**Exercise requirements**
Leaving the pictures aside, repeat each line below exactly.

**Data**
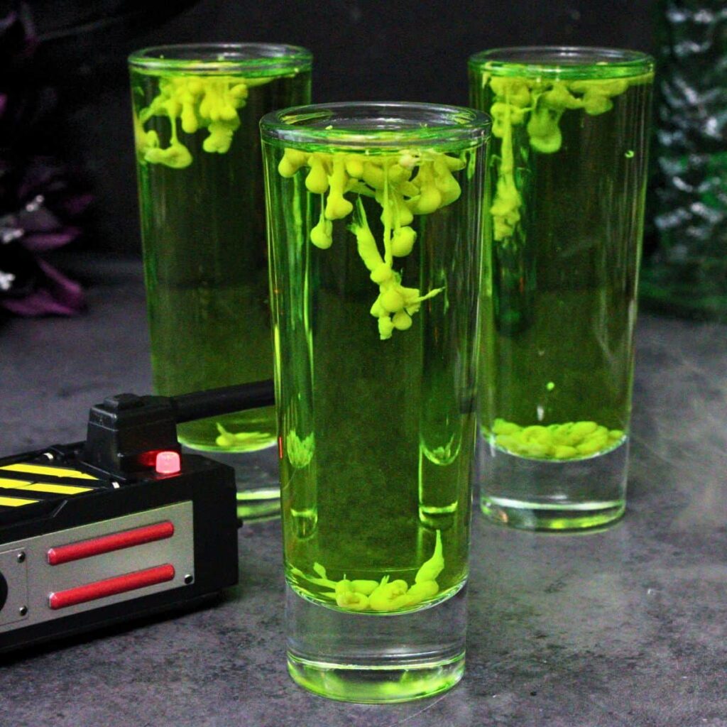 - Use clear or glow-in-the-dark shot glasses to match the “Slimer” vibe
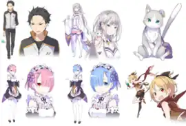The central characters of the series. First row, from left: Subaru Natsuki, Emilia, and Puck. Second row, from left: Ram, Rem, and Felt.
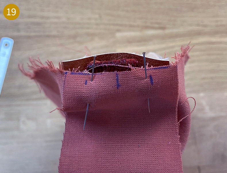 Puis, épinglez votre soufflet simili endroit contre endroit sur votre devant et dos en simili cuir (le cran de votre soufflet vient sur le bord de votre devant et dos) et piquez votre soufflet sur la couture de votre passepoil. Arrêtez-vous au même niveau que la couture de la fermeture et pensez à faire un point d’arrêt au début et à la fin de votre couture.
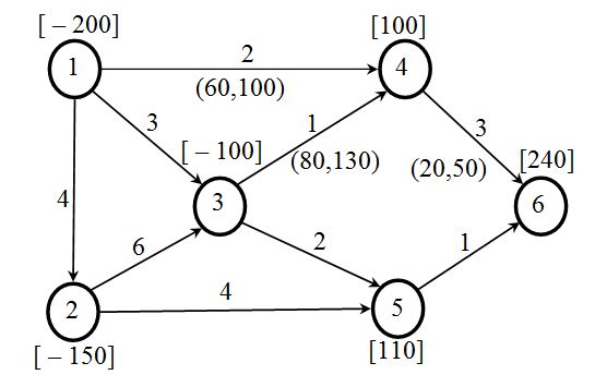 Для перевезення зерна з трьох зерносховищ до трьох агропромислових підприємств використовується залізничний та автомобільний транспорт. Можливі маршрути перевезень зображено на рисунку. Пропозиція зерносховищ (пункти 1, 2, 3) становить відповідно 200, 150 та 100 тон, а попит агропромислових підприємств (пункти 4, 5, 6) – 100, 110 та 240 тон. На маршрутах, де використовується автомобільний транспорт, є нижнє та верхнє обмеження пропускної здатності. Пропускна здатність залізничного транспорту практично необмежена. Вартість транспортування однієї тони зерна на кожному маршруті (в сотнях гривень) наведено біля відповідної дуги. Потрібно визначити план перевезення найменшої вартості.

**Output of the task**
 - Use clear or glow-in-the-dark shot glasses to match the “Slimer” vibe
The central characters of the series. First row, from left: Subaru Natsuki, Emilia, and Puck. Second row, from left: Ram, Rem, and Felt.
 Puis, épinglez votre soufflet simili endroit contre endroit sur votre devant et dos en simili cuir (le cran de votre soufflet vient sur le bord de votre devant et dos) et piquez votre soufflet sur la couture de votre passepoil. Arrêtez-vous au même niveau que la couture de la fermeture et pensez à faire un point d’arrêt au début et à la fin de votre couture.
 Для перевезення зерна з трьох зерносховищ до трьох агропромислових підприємств використовується залізничний та автомобільний транспорт. Можливі маршрути перевезень зображено на рисунку. Пропозиція зерносховищ (пункти 1, 2, 3) становить відповідно 200, 150 та 100 тон, а попит агропромислових підприємств (пункти 4, 5, 6) – 100, 110 та 240 тон. На маршрутах, де використовується автомобільний транспорт, є нижнє та верхнє обмеження пропускної здатності. Пропускна здатність залізничного транспорту практично необмежена. Вартість транспортування однієї тони зерна на кожному маршруті (в сотнях гривень) наведено біля відповідної дуги. Потрібно визначити план перевезення найменшої вартості.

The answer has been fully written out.